19 Eu disse: Senhor, eles bem sabem que eu encerrava em prisão e, nas sinagogas, açoitava os que criam em ti.
20 Quando o sangue de Estêvão, tua testemunha, foi derramado, eu também estava presente, consentindo na sua morte e guardando as capas dos que o matavam.’
20 Quando se derramava o sangue de Estêvão, tua testemunha, eu também estava presente, consentia nisso e até guardei as vestes dos que o matavam.
21 “Ele me disse: ‘Vá, pois eu o enviarei para longe daqui, aos gentios.’ ”
21 Mas ele me disse: Vai, porque eu te enviarei para longe, aos gentios.
22 Eles o ouviram até que ele disse isso; então levantaram a voz e disseram: “Tire da terra um homem desses, pois ele não é digno de viver!”
22 Ouviram-no até essa palavra e, então, gritaram, dizendo: Tira tal homem da terra, porque não convém que ele viva!
23 Enquanto eles gritavam, jogavam fora as suas capas e lançavam poeira para o ar,
23 Ora, estando eles gritando, arrojando de si as suas capas, atirando poeira para os ares,
24 o comandante ordenou que ele fosse levado para a fortaleza, mandando que fosse interrogado sob açoites, para que pudesse saber por qual crime gritavam contra ele daquela maneira.
24 ordenou o comandante que Paulo fosse recolhido à fortaleza e que, sob açoite, fosse interrogado para saber por que motivo assim clamavam contra ele.
25 Quando o amarraram com correias, Paulo perguntou ao centurião que estava ali: “É lícito a vocês açoitar um homem que é romano, e que não foi condenado?”
25 Quando o estavam amarrando com correias, disse Paulo ao centurião presente: Ser-vos-á, porventura, lícito açoitar um cidadão romano, sem estar condenado?
26 Quando o centurião ouviu isso, foi ao comandante e lhe disse: “Cuidado com o que está prestes a fazer, pois este homem é romano!”
26 Ouvindo isto, o centurião procurou o comandante e lhe disse: Que estás para fazer? Porque este homem é cidadão romano.
27 O comandante veio e lhe perguntou: “Diga-me, você é romano?”
27 Vindo o comandante, perguntou a Paulo: Dize-me: és tu romano? Ele disse: Sou.
28 O comandante respondeu: “Eu comprei a minha cidadania por um alto preço.”
28 Respondeu-lhe o comandante: A mim me custou grande soma de dinheiro este título de cidadão. Disse Paulo: Pois eu o tenho por direito de nascimento.
29 Imediatamente, aqueles que estavam prestes a interrogá-lo se afastaram dele, e o comandante também ficou com medo quando percebeu que ele era romano, porque o havia amarrado.
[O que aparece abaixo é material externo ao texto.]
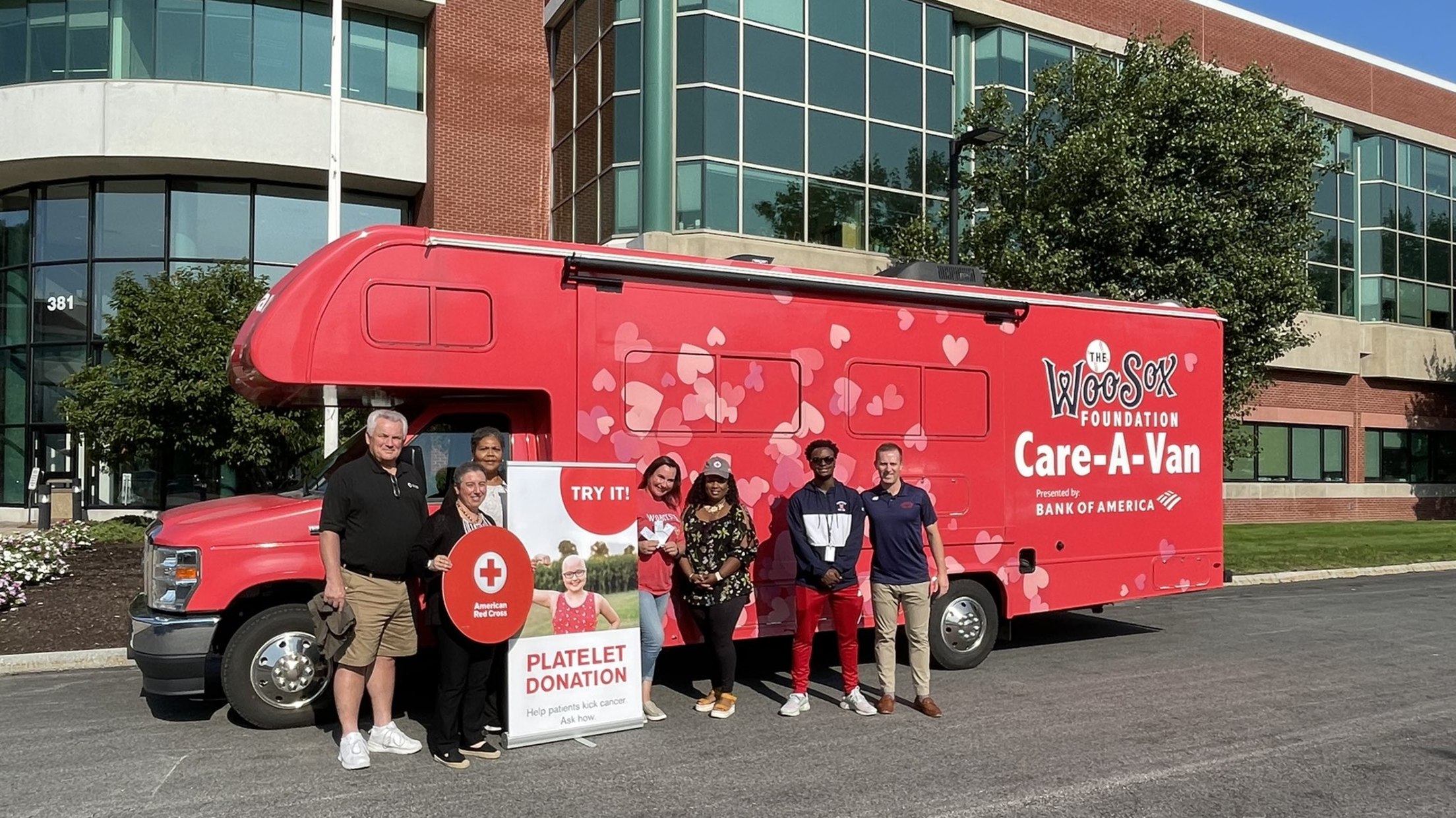 The Worcester Red Sox began the weekend at the American Red Cross Central Mass headquarters at 381 Plantation Street in Worcester, where WooSox front office members and Smiley Ball arrived in the WooSox Foundation Care-A-Van, presented by Bank of America.
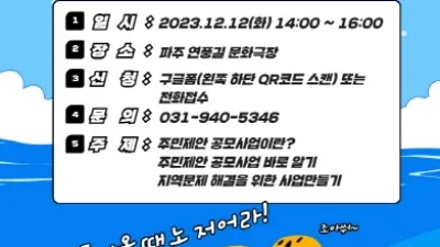 제4회 도시재생을 여는 작은 세미나, 참가자 모집 - 주민제안 공모사업 바로 알기       파주시는 12월 12일 파주읍 연풍길 연풍마루(연풍5길 17)에서 진행되는 ‘2023년 제4회 도시재생을 여는 작은 세미나’ 참...

29 Imediatamente, se afastaram os que estavam para o inquirir com açoites. O próprio comandante sentiu-se receoso quando soube que Paulo era romano, porque o mandara amarrar.
30 Mas no dia seguinte, desejando saber a verdade sobre o motivo pelo qual ele era acusado pelos judeus, ele o soltou das amarras e ordenou que os principais sacerdotes e todo o conselho se reunissem, e trazendo Paulo para baixo, o colocou diante deles.
30 No dia seguinte, querendo certificar-se dos motivos por que vinha ele sendo acusado pelos judeus, soltou-o, e ordenou que se reunissem os principais sacerdotes e todo o Sinédrio, e, mandando trazer Paulo, apresentou-o perante eles.